We will save the model and the encoder for future use. The save() method save objects to path/'models' by default. The encoder will be used in our classifier in the next post.

learn_lm.save('finetuned_model')
learn_lm.save_encoder('finetuned_encoder')

Is the model any good at predicting text?

TEXT = "Denne filmen er et godt eksempel på" # this film is a good example of
preds = [learn_lm.predict(TEXT, 40, temperature=0.75) for _ in range(3)]
preds
['xxunk denne filmen er et godt eksempel på hvordan serien er blitt laget med en amerikansk komedie . i filmen står det en tydelig og effektiv følelse av at en serie med tretten mennesker , som har mistet kontrollen over de to første episodene , har fått en',
 'xxunk denne filmen er et godt eksempel på hva som skjer når den kommer i nærheten av en tsunami . i verste fall skjer det med den virkelige verden , hvor det som skjer , er det som gjør at den blir rammet av et stadig forvirrende ,',
 'xxunk denne filmen er et godt eksempel på at det er vanskelig å forestille seg hva som egentlig foregår . i visse scener er dette en underholdende og ytterst underholdende film , i norsk forstand . JON GORE « the THAT IN']
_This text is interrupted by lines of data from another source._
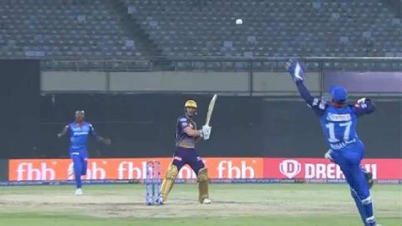 கேகேஆர் அணிக்கு எதிரான நேற்றைய போட்டியில் ரிஷப் பண்ட் ஒரு அபாரமான கேட்ச்சை பிடித்தார்.
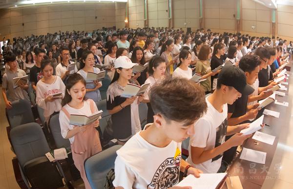 上午9时,文法楼报告厅,新闻与传播学院2017级各个新生班级正在举行“拉歌式”中华经典诵读活动,关于井冈山、南昌大学等主题的经典文学作品诵读声一浪高过一浪。
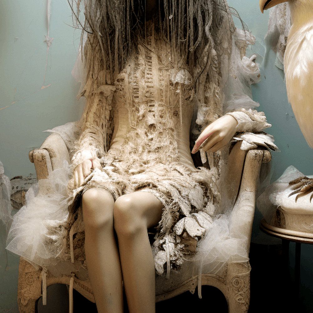 In einem verlassenen Raum mit abblätternder türkisfarbener Farbe sitzt eine Person in einem opulenten, zerlumpten Kleid auf einem reich verzierten Stuhl. Ihr langes, strähniges Haar ist mit kleinen Blüten geschmückt, und ihr Gesicht ist blass und ausdrucksstark, mit dunklen Augen. Neben ihr thront ein großer, weißer Vogel mit einem gelben Schnabel auf einem Sockel, während ein kleinerer weißer Vogel auf dem Boden zu ihren Füßen sitzt. Der Raum ist gefüllt mit Trümmern, zerfetzten Stoffen und verstreuten rosa Kugeln, die eine Atmosphäre von vergänglicher Schönheit und Verfall schaffen, die an ein verzaubertes, aber verfallenes Märchen erinnert.
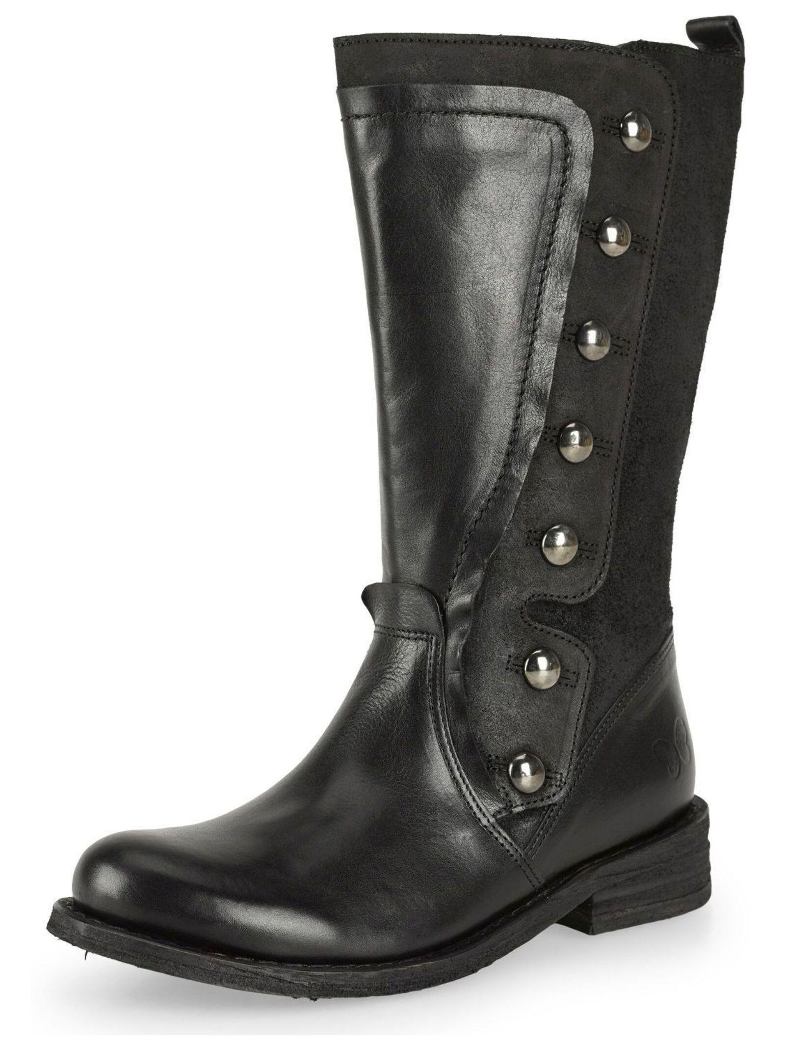 GREDO D896 Bikerstiefel aus einer Mischung aus Leder und Wildleder in Schwarz, mit Metallknöpfen und einem Innenreißverschluss versehen. Eine Verschmelzung von robuster Eleganz und praktischem Design, die die Essenz des Felmini-Geistes verkörpert. Obermaterial: Leder Innenmaterial: Textil Decksohle: Leder Laufsohle: Gummi
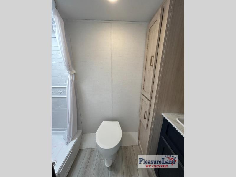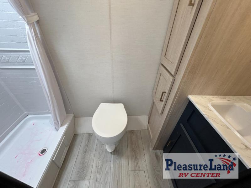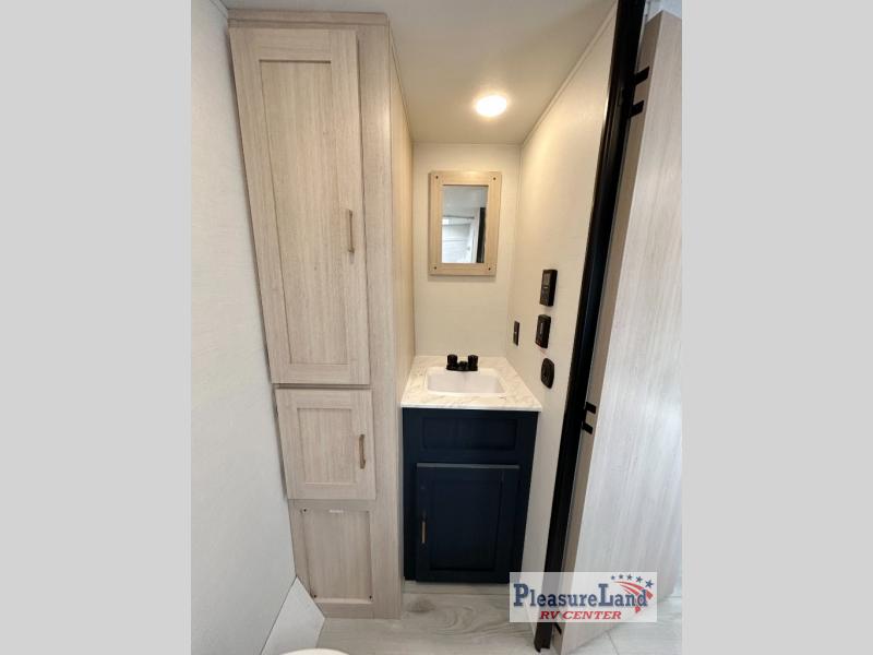 Enjoy a little more floor space in this trailer thanks to the dinette slide that can be utilized as a dining, gaming and/or sleeping space. The front walk-around queen bed offers overhead storage and dual wardrobes to keep this area tidy. The galley kitchen includes everything you need to make warm meals, and store leftovers in the 10.7 cu. ft. 12V refrigerator, plus there is a pantry for dry good storage. The rear bathroom offers privacy and convenience when changing and getting cleaned up, and there is also linen storage which is handy.
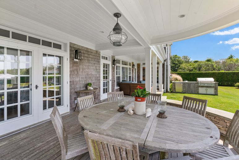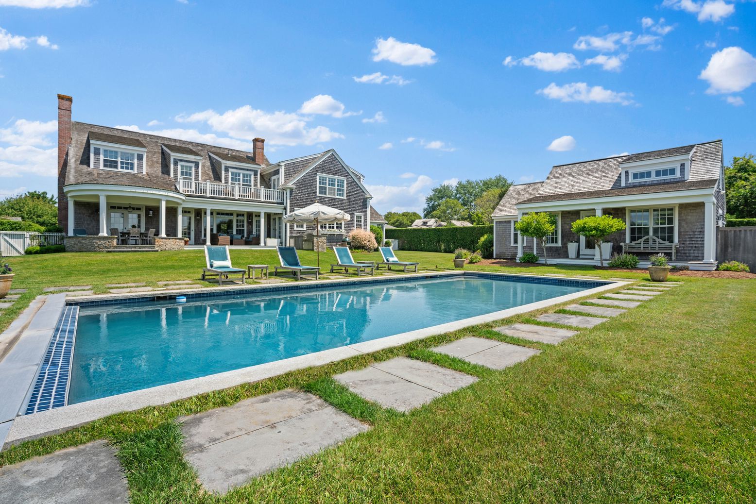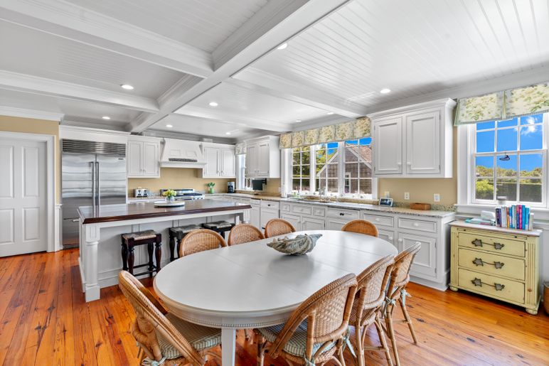 Enter from a charming covered porch into a light-filled home designed for relaxed island living and effortless entertaining. The first floor features a spacious living room with wood-burning fireplace, custom built-ins, and direct access to the pool and backyard, along with a cozy sitting/TV room and a private office. A large chef’s kitchen anchors the home with a generous center island, high-end appliances, multiple refrigerators, and an adjacent dining area, all opening to a deck and covered outdoor dining space overlooking the pool. A first-floor queen bedroom with ensuite bath offers convenience and privacy, while thoughtful extras include a mudroom, pantry, laundry area, and outdoor kitchen with grill and beverage fridge.
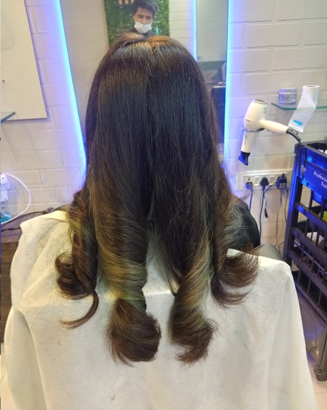Transform your hair with our Blowdry options - Blast, Straight, Spiral, Out/In Turn. We also offer Hair Shimmer, Ironing, Tongs, Curls, and Crimping services for different hair lengths. Elevate your style today
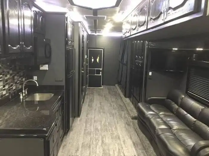 Перед вами не простой тягач с прицепом, а целые апартаменты на колесах. Внутри этого транспорта есть все, что необходимо для комфортной жизни. Здесь вы не найдете ничего лишнего, только все самое необходимое, выполненное со вкусом и роскошью.
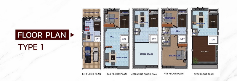 | ลักษณะโครงการ | โฮมออฟฟิศ 5 ชั้น หน้ากว้าง 5.5 เมตร |
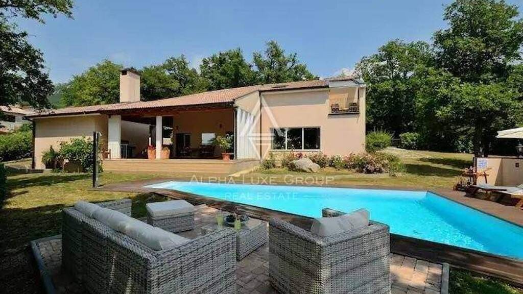 In der idyllischen Kulisse von Buzet in Istrien, bekannt als die Stadt der Trüffel, befindet sich eine moderne Villa - ein Zeugnis eleganten Wohnens. Diese preisgekrönte Villa mit 285m² Wohnfläche, zuzüglich einer 36m² Garage und einem Keller, liegt auf einem beeindruckenden 3030m² großen Grundstück. Buzet, umgeben von üppigen Hügeln und historischen Steinmauern, ist berühmt für seine unberührte Natur und reiche Gastronomie, insbesondere für Trüffel aus den Wäldern des Mirna-Tals.
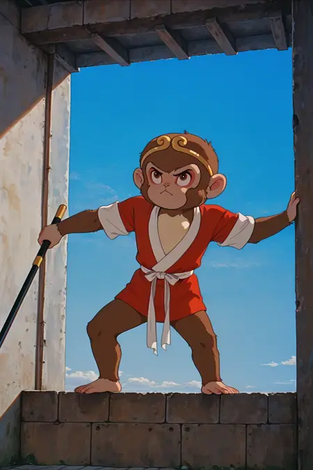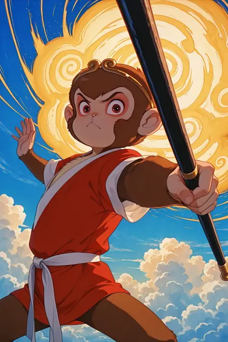 Trained on 317 upscaled images from the 1960 Japanese film Alakazam The Great based on the legendary 16th-century Chinese novel of Journey to the West.

This is by no means as impressive as the recent transformer models, but the model certainly understands language fairly well. Also, our particular use case isn't really text generation, but sentiment classification. Transformers only do marginally better than ULMFiT according to Papers with code on the similar IMDB classification task. Classification will be the topic of an upcoming post.